The plea agreement provided that Stern would plead guilty to one count of mail fraud and one count of distributing a controlled substance, and would surrender his license to practice medicine. The agreement also specified that restitution might be ordered in an amount no less than $5,000 and no more than $110,000, the amounts to depend upon verifiable claims of patients. In a sentence critical to this petition for review, the agreement further provided: "Claims of the Medicare program will be determined in a separate civil proceeding and will not be part of the restitution ordered by the Court." This provision was given further meaning during the plea allocution. The Assistant United States Attorney informed the defendant and the Court, "An additional one hundred ninety thousand dollars which the Medicare program alleges they lost in this will be handled in a separate civil proceeding and will not be part of the disposition of this case." The Court also discussed with the defendant what claims remained to be pursued: "And that there are disputed claims in the amount of one hundred ninety thousand dollars which involve a separate civil case and that is not involved in this plea agreement.
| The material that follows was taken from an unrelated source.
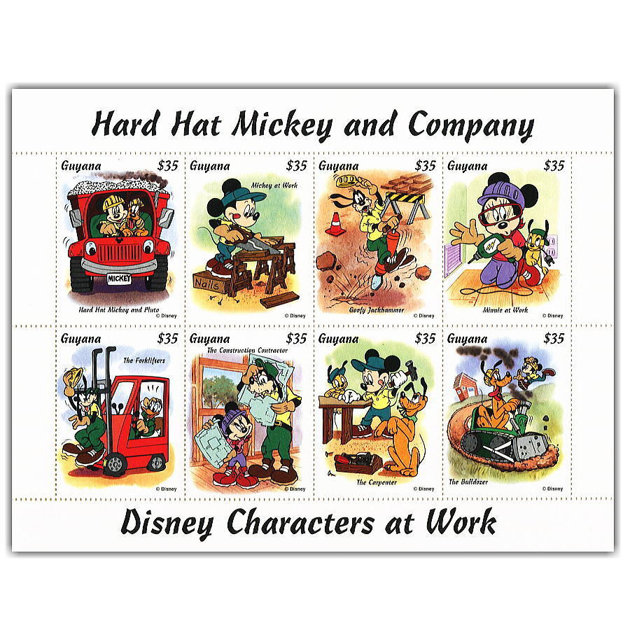 - ディズニー ミッキー ミニー ドナルド グーフィー プルート 切手8枚1シート(ヘルメット) Guyana 1995年

Do you understand that?" Stern replied, "I do understand." There was no mention of any remaining dispute concerning civil penalties.

10

Two weeks later, the prosecutor wrote to the IG, recommending that the Government pursue a claim for civil penalties instead of the $190,000 of civil assessments for actual losses that had been discussed at the plea allocution. This letter fully confirms Stern's understanding that only the claim for actual losses remained open: "Timothy L. Stern understands that Medicare will initiate civil action against him to recover a loss of approximately $190,000." The prosecutor urged the proposed switch to penalties as "more appropriate" and "much easier" for HHS. Ultimately, the amount of the losses, as determined in the administrative proceedings, was $70,648, the amount of assessments sought by the IG.

11

Courts enforce what "the defendant reasonably understood" the plea agreement to mean when the guilty plea was entered, United States v. Corsentino, 685 F.2d 48, 51 (2d Cir.1982); accord, e.g., United States v. Nelson, 837 F.2d 1519, 1521 (11th Cir.), cert. denied, 488 U.S. 829, 109 S.Ct. 82, 102 L.Ed.2d 58 (1988); In re Arnett, 804 F.2d 1200, 1203 (11th Cir.1986); United States v. Crusco, 536 F.2d 21, 27 (3d Cir.1976); Johnson v. Beto, 466 F.2d 478, 480 (5th Cir.1972). A "rigidly literal approach in the construction of language" of a plea agreement is not appropriate, see United States v. Bowler, 585 F.2d 851, 854 (7th Cir.1978) (citing United States v. Brown, 500 F.2d 375 (4th Cir.1974)), and oral agreements can amplify ambiguous terms, see Arnett, 804 F.2d at 1202.

12

In the pending case, the plea agreement left "[c]laims of the Medicare program" open for determination in a later "civil proceeding," and the defendant understood those claims to be actual losses alleged to total no more than $190,000. That understanding was articulated by the District Judge and shared by the prosecutor until he decided that it would be "much easier" to pursue a claim for penalties. Under these circumstances, the collection of penalties in the amount of $345,000 was barred by the plea agreement, and these penalties must be stricken from the agency's decision. As modified by the elimination of the $345,000 in penalties, the decision requiring payment of $70,648 in assessments is affirmed.